[Entries provided Boundary: Start]

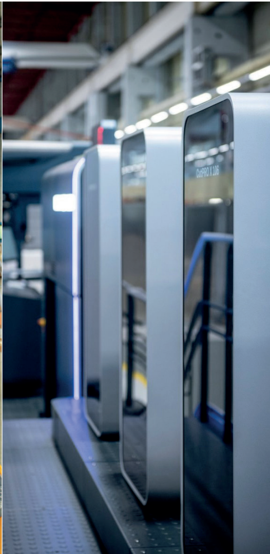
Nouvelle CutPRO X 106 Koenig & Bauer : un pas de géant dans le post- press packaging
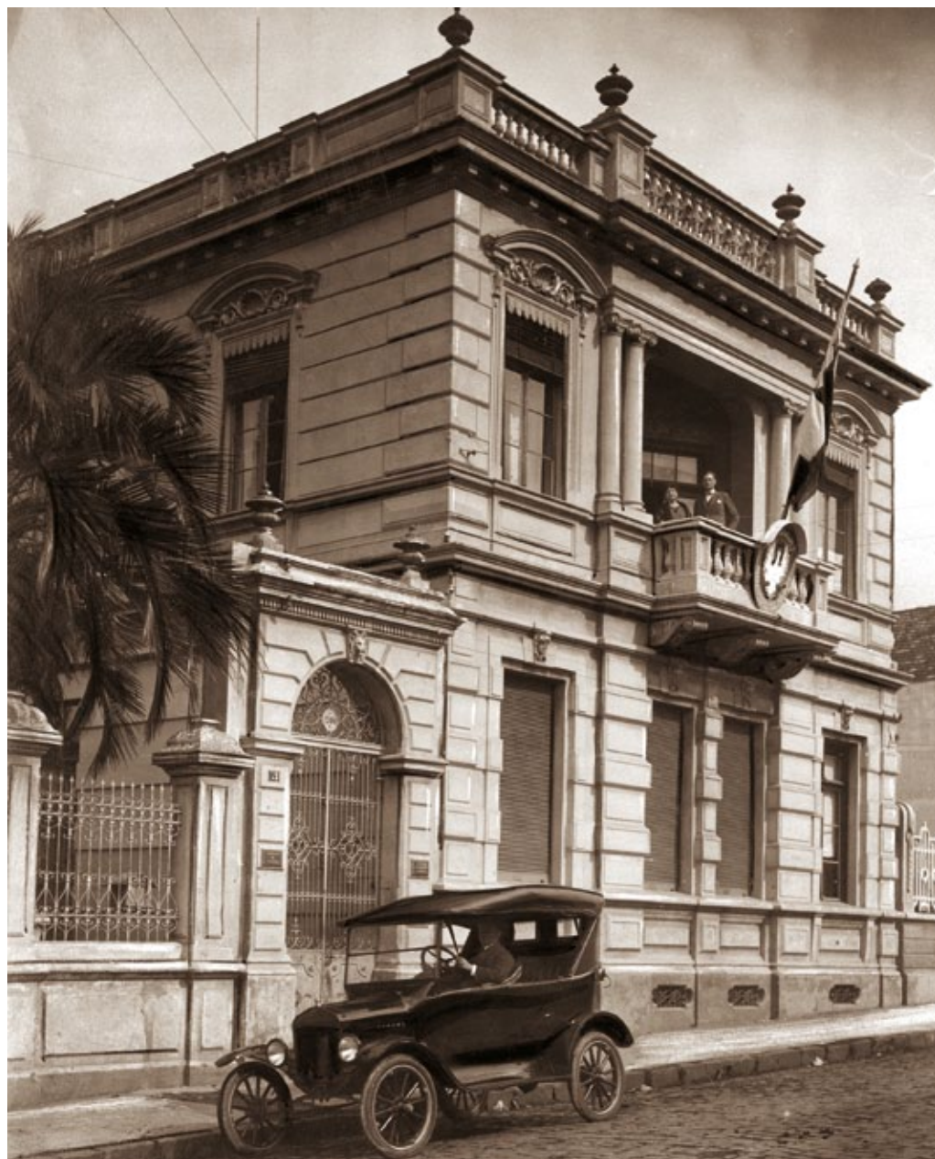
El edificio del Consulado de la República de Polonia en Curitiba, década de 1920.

[Entries provided Boundary: End]
[Entries provided Boundary: Start]

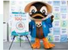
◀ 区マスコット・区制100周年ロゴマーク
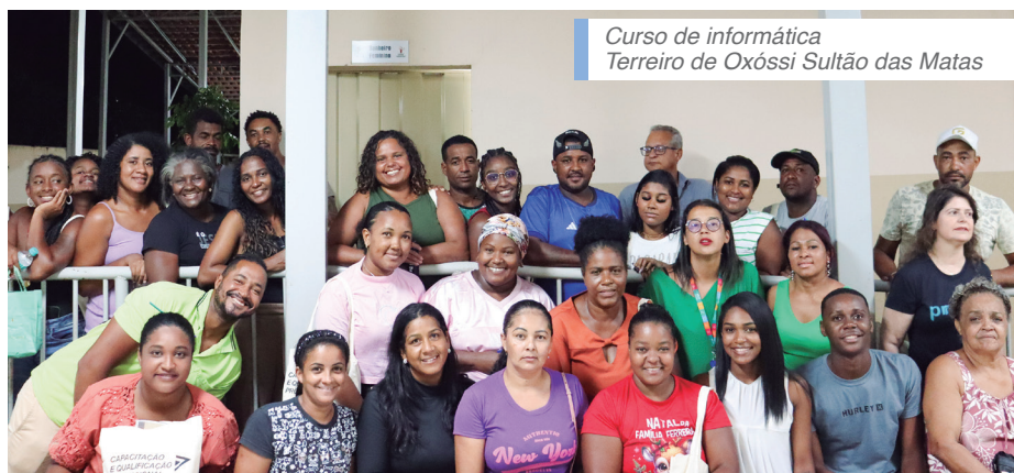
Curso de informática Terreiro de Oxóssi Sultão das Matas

[Entries provided Boundary: End]

■ **Required work**
Reproduce, exactly and only, the lines of the records above starting at the line with "Nouvelle CutPRO X" and ending at the line with "El edificio del", both included. Leave every picture out.

■ **Result of this exercise**
Nouvelle CutPRO X 106 Koenig & Bauer : un pas de géant dans le post- press packaging
El edificio del Consulado de la República de Polonia en Curitiba, década de 1920.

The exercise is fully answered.